Record extracts »
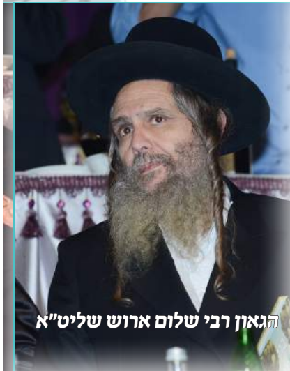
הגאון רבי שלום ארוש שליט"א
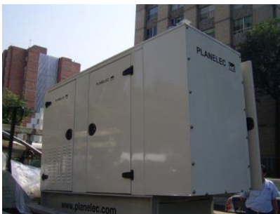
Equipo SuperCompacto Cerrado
---
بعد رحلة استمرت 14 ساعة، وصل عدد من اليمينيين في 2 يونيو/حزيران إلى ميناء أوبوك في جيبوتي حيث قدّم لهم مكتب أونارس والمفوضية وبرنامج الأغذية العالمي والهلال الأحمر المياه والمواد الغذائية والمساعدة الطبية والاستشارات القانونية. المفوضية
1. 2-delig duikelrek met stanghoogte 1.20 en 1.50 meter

Work required »
An exact transcription is needed of the lines from the one with "הגאון רבי שלום" to the one with "Equipo SuperCompacto Cerrado" above, both ends included, with pictures left out.

Task answer »
הגאון רבי שלום ארוש שליט"א
Equipo SuperCompacto Cerrado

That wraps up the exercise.